** The task **
In the records below, find the line with "Quand on rentre" and repeat exactly every line from it through the line with "TiZERone, если верить". Pictures stay out.

** Records provided **

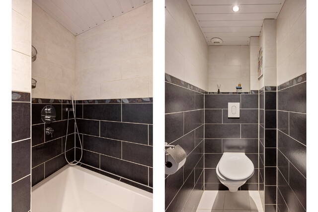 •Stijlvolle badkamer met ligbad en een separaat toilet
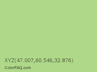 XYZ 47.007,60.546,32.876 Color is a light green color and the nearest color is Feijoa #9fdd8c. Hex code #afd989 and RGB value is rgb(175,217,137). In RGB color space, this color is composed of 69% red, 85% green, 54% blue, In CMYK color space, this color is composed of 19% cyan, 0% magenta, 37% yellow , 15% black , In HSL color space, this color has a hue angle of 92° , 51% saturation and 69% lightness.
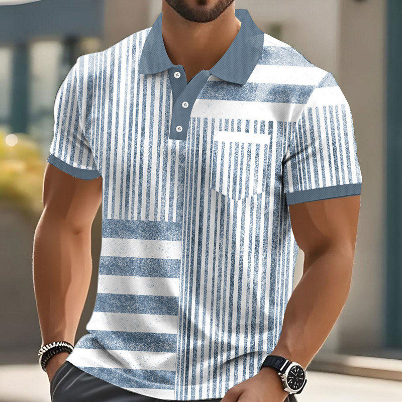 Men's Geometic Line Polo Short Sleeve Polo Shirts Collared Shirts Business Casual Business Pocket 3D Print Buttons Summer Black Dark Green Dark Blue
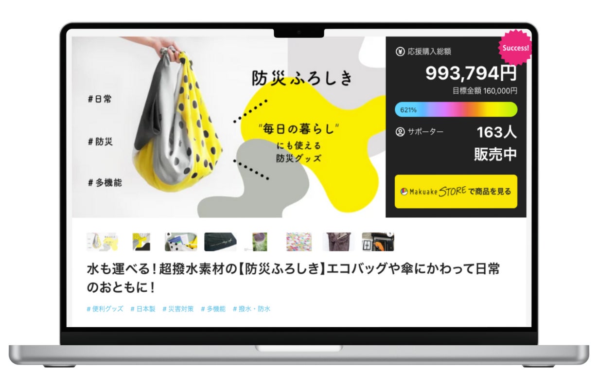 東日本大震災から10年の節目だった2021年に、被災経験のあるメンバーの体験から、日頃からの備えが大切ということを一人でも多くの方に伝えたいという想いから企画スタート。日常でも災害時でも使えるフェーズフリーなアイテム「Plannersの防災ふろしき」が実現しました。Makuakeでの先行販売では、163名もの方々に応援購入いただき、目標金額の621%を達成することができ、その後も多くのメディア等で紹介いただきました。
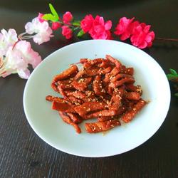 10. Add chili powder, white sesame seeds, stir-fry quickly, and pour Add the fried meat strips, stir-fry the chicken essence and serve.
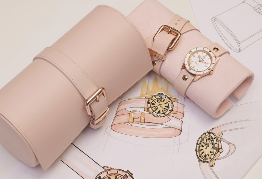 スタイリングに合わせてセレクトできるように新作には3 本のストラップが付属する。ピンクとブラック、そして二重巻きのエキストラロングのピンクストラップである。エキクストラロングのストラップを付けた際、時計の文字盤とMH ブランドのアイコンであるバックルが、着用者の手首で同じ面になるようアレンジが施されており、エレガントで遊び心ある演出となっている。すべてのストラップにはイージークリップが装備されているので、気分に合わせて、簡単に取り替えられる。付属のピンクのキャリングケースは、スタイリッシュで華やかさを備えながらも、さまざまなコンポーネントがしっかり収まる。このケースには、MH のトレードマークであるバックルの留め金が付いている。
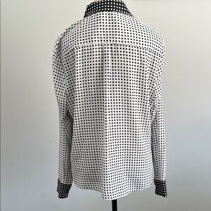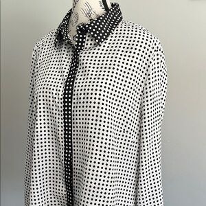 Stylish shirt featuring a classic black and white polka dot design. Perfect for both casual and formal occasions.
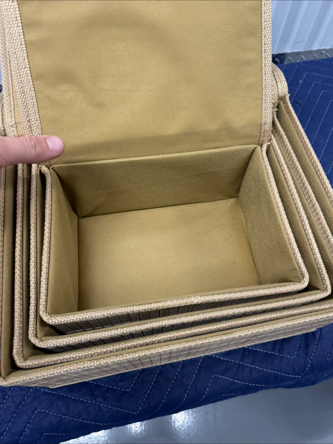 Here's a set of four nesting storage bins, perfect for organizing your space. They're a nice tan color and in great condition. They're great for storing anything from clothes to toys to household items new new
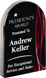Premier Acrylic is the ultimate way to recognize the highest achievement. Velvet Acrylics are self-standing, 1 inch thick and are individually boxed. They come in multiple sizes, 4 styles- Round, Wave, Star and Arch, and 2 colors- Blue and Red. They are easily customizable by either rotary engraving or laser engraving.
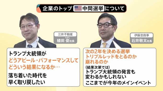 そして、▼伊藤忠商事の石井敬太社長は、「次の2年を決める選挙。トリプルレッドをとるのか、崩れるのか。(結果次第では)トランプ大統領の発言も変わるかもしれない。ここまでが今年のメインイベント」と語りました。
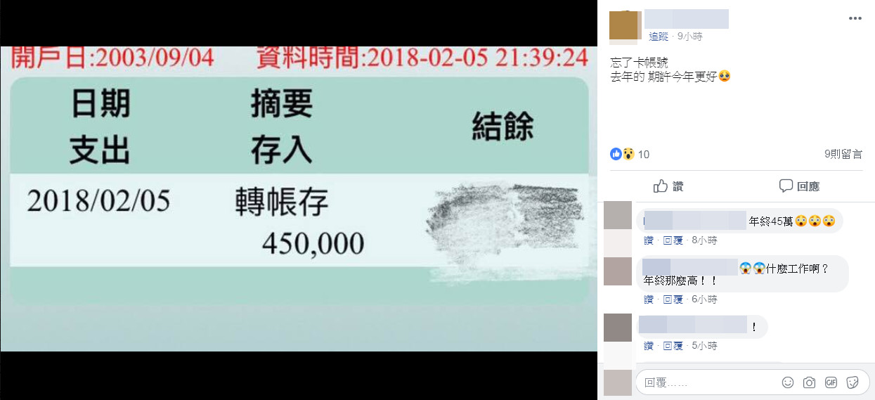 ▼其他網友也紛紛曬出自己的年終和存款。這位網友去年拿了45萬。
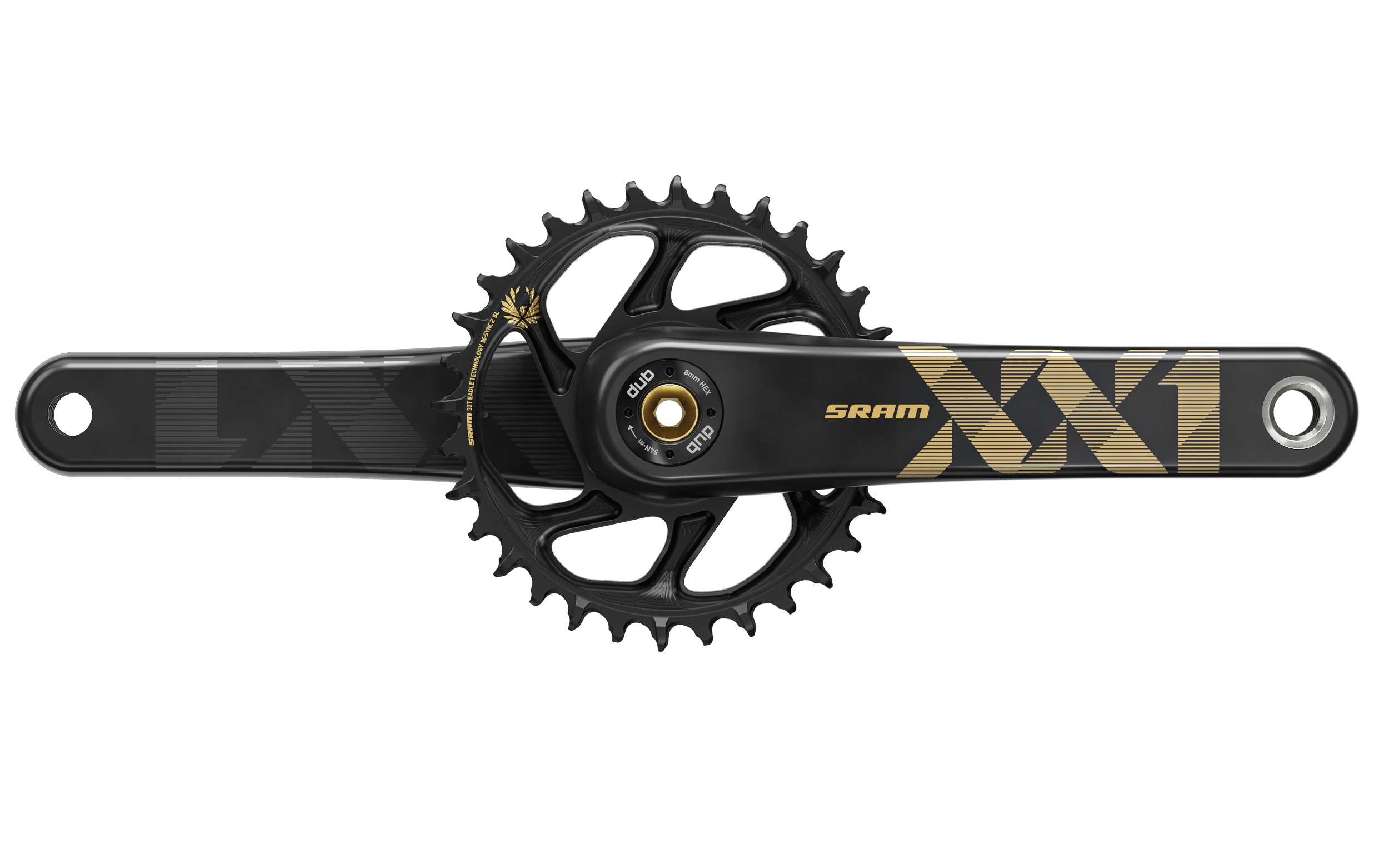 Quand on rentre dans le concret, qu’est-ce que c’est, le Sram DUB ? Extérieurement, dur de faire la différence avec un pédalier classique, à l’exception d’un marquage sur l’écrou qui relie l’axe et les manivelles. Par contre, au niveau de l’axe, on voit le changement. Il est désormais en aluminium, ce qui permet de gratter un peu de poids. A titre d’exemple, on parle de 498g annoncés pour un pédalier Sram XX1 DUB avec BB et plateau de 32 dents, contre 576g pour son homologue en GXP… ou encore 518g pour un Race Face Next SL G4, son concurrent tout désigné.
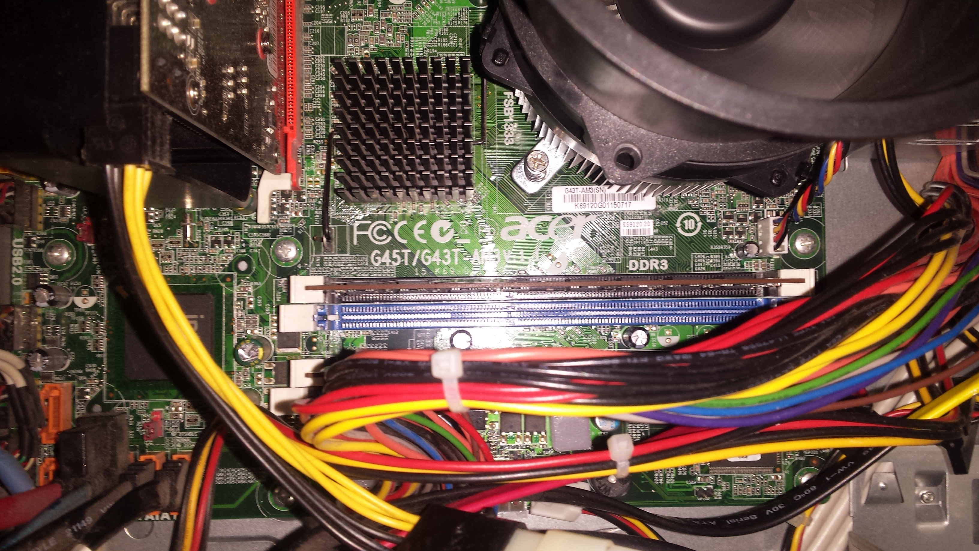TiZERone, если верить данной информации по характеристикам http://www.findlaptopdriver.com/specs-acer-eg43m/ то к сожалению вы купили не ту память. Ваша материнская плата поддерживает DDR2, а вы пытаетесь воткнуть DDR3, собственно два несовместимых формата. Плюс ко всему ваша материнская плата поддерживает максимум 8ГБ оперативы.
...
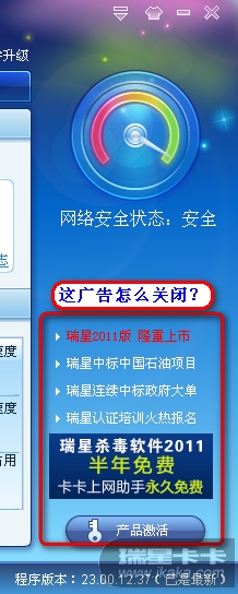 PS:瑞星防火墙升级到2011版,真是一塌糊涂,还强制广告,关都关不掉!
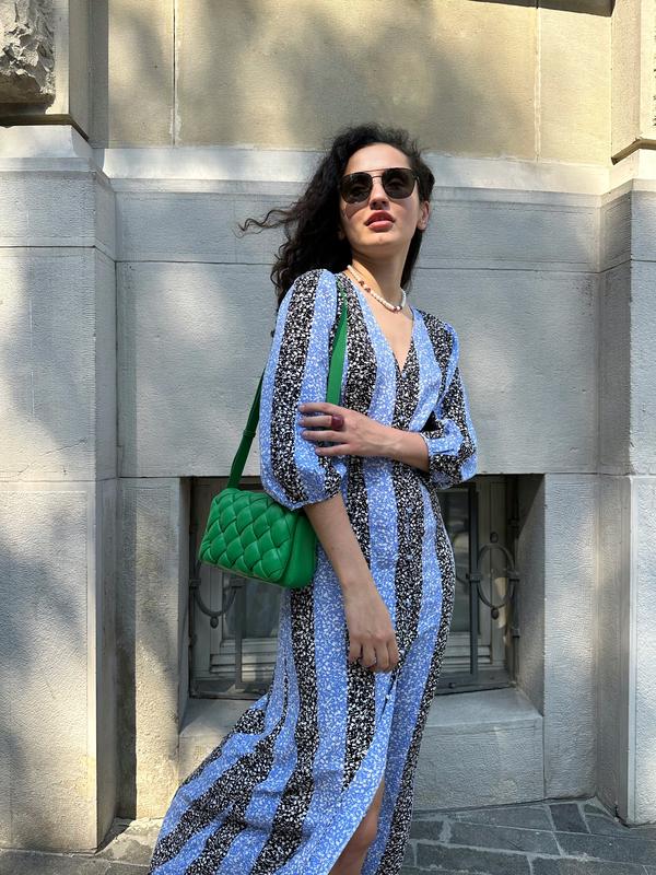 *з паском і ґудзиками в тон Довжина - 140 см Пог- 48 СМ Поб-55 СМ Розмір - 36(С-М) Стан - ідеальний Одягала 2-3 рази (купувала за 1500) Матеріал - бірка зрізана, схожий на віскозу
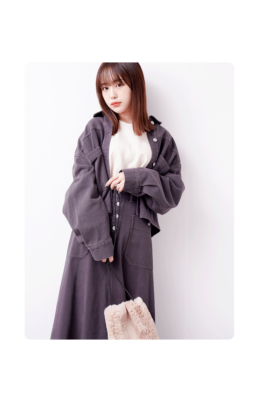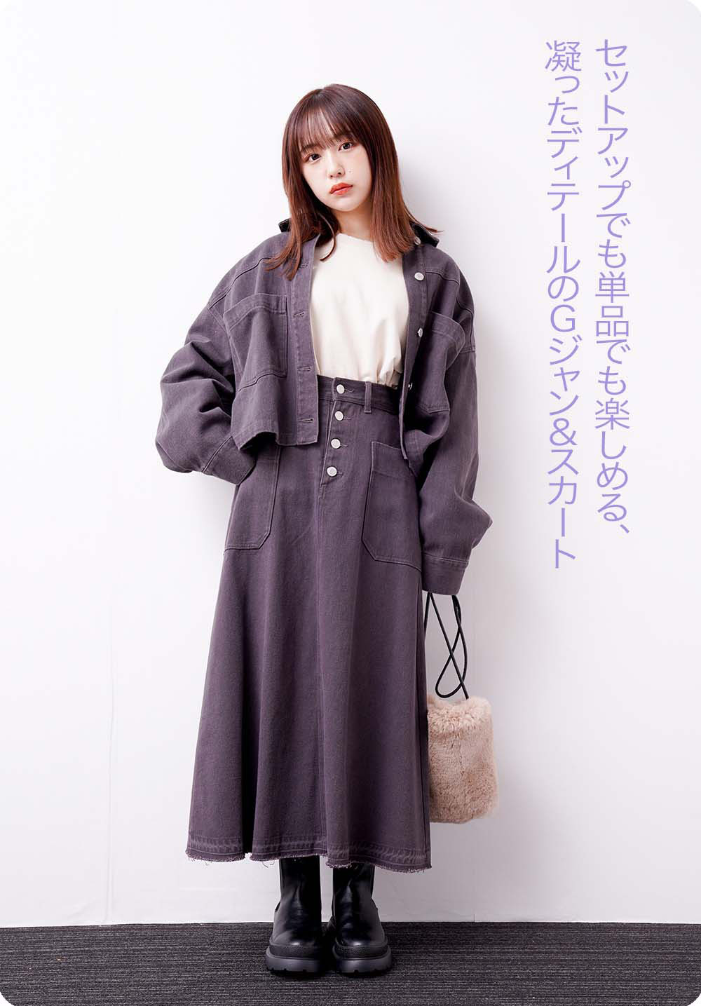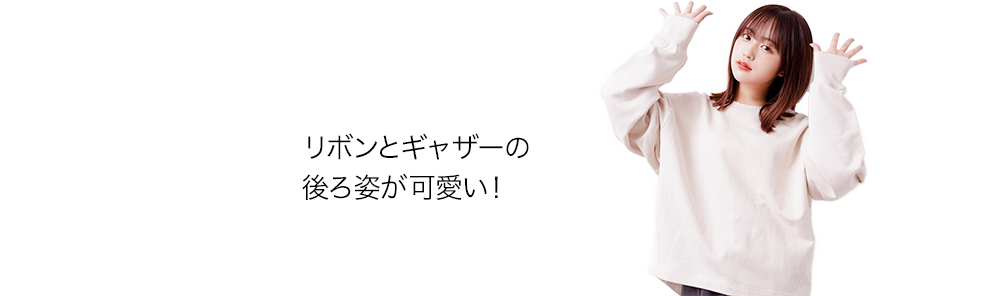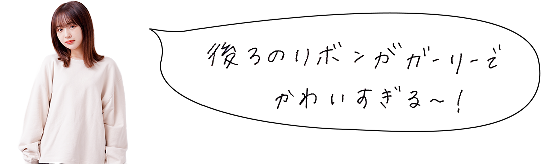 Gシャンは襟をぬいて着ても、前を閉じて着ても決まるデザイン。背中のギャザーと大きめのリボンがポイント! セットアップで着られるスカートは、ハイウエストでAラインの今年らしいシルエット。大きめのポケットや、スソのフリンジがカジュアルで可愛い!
...
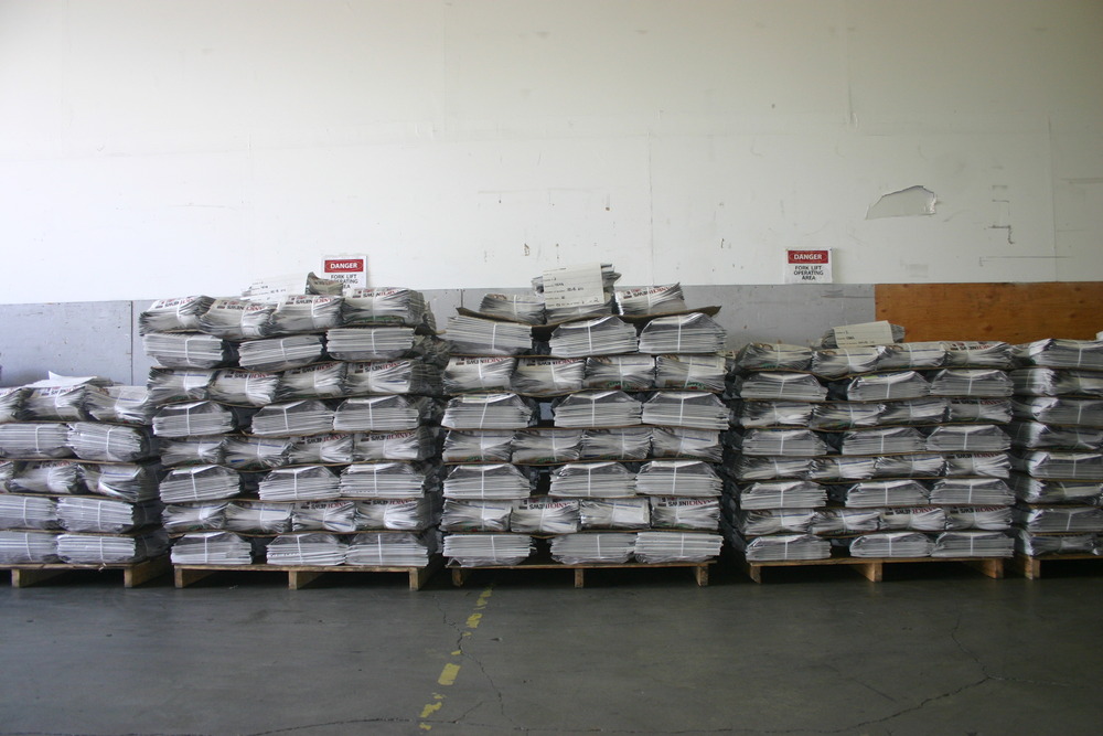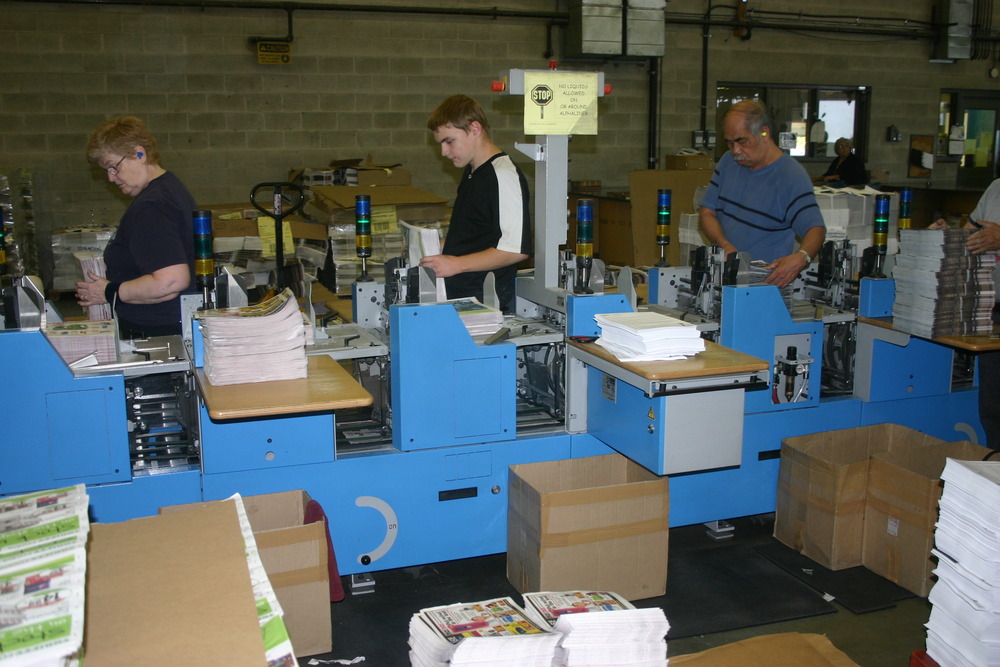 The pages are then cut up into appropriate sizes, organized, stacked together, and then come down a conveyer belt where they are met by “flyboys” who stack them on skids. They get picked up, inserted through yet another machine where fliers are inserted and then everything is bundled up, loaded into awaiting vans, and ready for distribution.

** Solution to the exercise **
 Quand on rentre dans le concret, qu’est-ce que c’est, le Sram DUB ? Extérieurement, dur de faire la différence avec un pédalier classique, à l’exception d’un marquage sur l’écrou qui relie l’axe et les manivelles. Par contre, au niveau de l’axe, on voit le changement. Il est désormais en aluminium, ce qui permet de gratter un peu de poids. A titre d’exemple, on parle de 498g annoncés pour un pédalier Sram XX1 DUB avec BB et plateau de 32 dents, contre 576g pour son homologue en GXP… ou encore 518g pour un Race Face Next SL G4, son concurrent tout désigné.
TiZERone, если верить данной информации по характеристикам http://www.findlaptopdriver.com/specs-acer-eg43m/ то к сожалению вы купили не ту память. Ваша материнская плата поддерживает DDR2, а вы пытаетесь воткнуть DDR3, собственно два несовместимых формата. Плюс ко всему ваша материнская плата поддерживает максимум 8ГБ оперативы.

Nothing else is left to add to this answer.